TASK DESCRIPTION
Nothing but the lines from the one including "Made of gold-finish" through the last line of the entries, restated exactly, should appear in the answer; omit the pictures.

EXERCISE MATERIAL
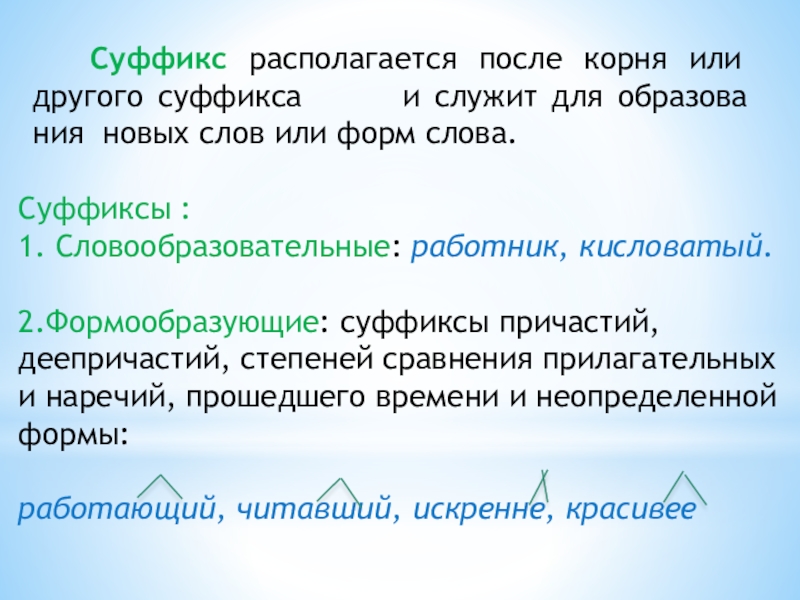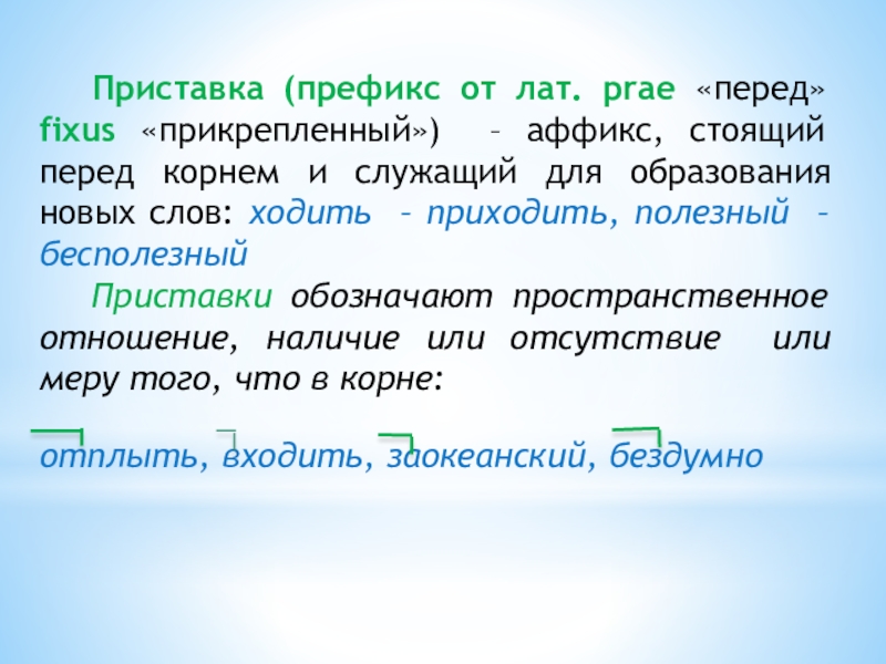 не употребляется самостоятельно и всегда прикрепляется к тому или другому корню.
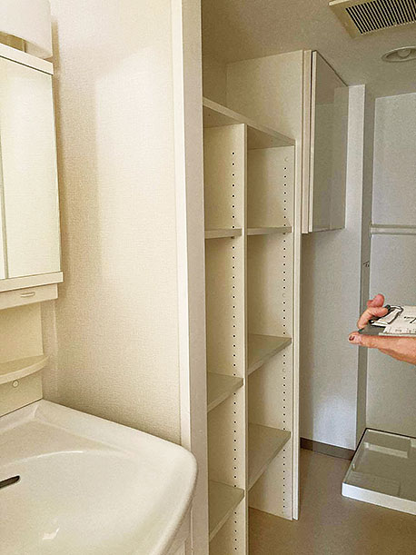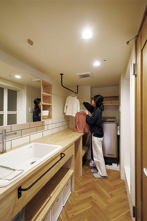 洗面室は収納棚と衝立壁を撤去し、横長のカウンターにシンクを埋め込んで造作洗面台を新設。雨天時は室内干しができるよう天井にホスクリーンを設置し、壁にタイル、床にヘリンボーン張りに見えるクッションフロアを採用
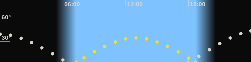 | Sonnenaufgang | 07:15 Uhr im Osten (αAz = 95.7°) |
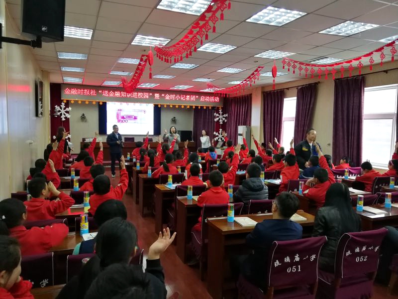 在“金时小记者团”启动活动中,张艺涵、李宇、贾鑫茹、马万鹏、刘博新、孙冉6名同学成为首批“金时小记者团”成员,金融时报社副社长方文为他们颁发了记者服和记者帽。作为首批“金时小记者”,他们将获得金融时报社记者、编辑的写作、采访指导,其中优秀的作品将有机会刊发在《金融时报》上。活动现场,几位“金时小记者”活学活用,主动对琉璃庙镇中心小学校长刘建军、方文等人进行采访。
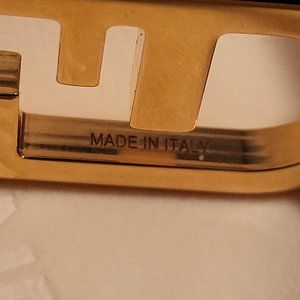 Made of gold-finish metal with double Fendi O’Lock clip, to use in combination with any bag with attachment points or joined as a necklace.
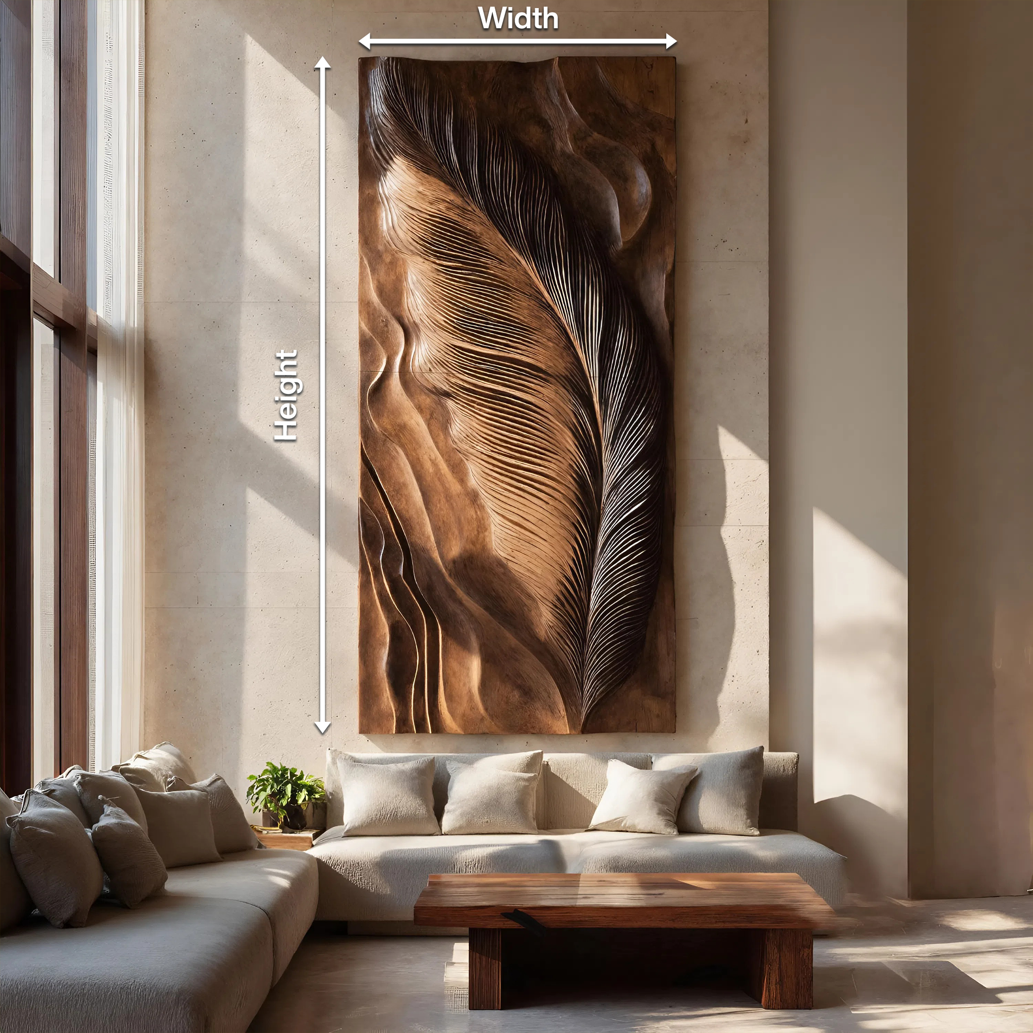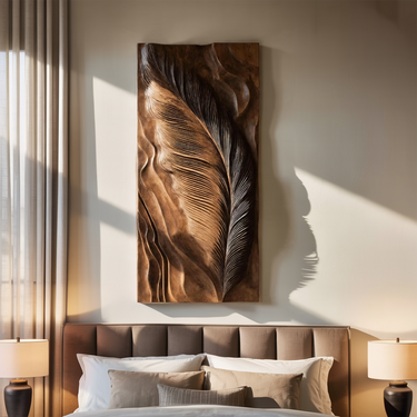 Layered wooden lines unfold across the surface of the Hand Carved Feather Wall Art Design For Home, shaping a vertical wall piece inspired by the natural form of a feather in motion. The carved grooves follow the direction of the wood grain, creating depth and subtle shadow that shifts with changing light. Its elongated composition draws attention upward, allowing the artwork to function as a quiet visual anchor on open walls while adding natural texture and visual flow to the surrounding space.
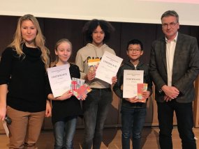 Aus der Klasse 6a hatten sich zu diesem anspruchsvollen Wettbewerb Matthias Trinh und Amalia Schippmann qualifiziert, die 6b schickte Mia Wegele und Tigran Saakow ins Rennen, die 6c entschied sich für Amélie Weiler und Lilly Steeg. Für die 6d waren Utku Kalayci und Isabel Kolfenbach am Start.

WRITTEN RESPONSE
 Made of gold-finish metal with double Fendi O’Lock clip, to use in combination with any bag with attachment points or joined as a necklace.
 Layered wooden lines unfold across the surface of the Hand Carved Feather Wall Art Design For Home, shaping a vertical wall piece inspired by the natural form of a feather in motion. The carved grooves follow the direction of the wood grain, creating depth and subtle shadow that shifts with changing light. Its elongated composition draws attention upward, allowing the artwork to function as a quiet visual anchor on open walls while adding natural texture and visual flow to the surrounding space.
 Aus der Klasse 6a hatten sich zu diesem anspruchsvollen Wettbewerb Matthias Trinh und Amalia Schippmann qualifiziert, die 6b schickte Mia Wegele und Tigran Saakow ins Rennen, die 6c entschied sich für Amélie Weiler und Lilly Steeg. Für die 6d waren Utku Kalayci und Isabel Kolfenbach am Start.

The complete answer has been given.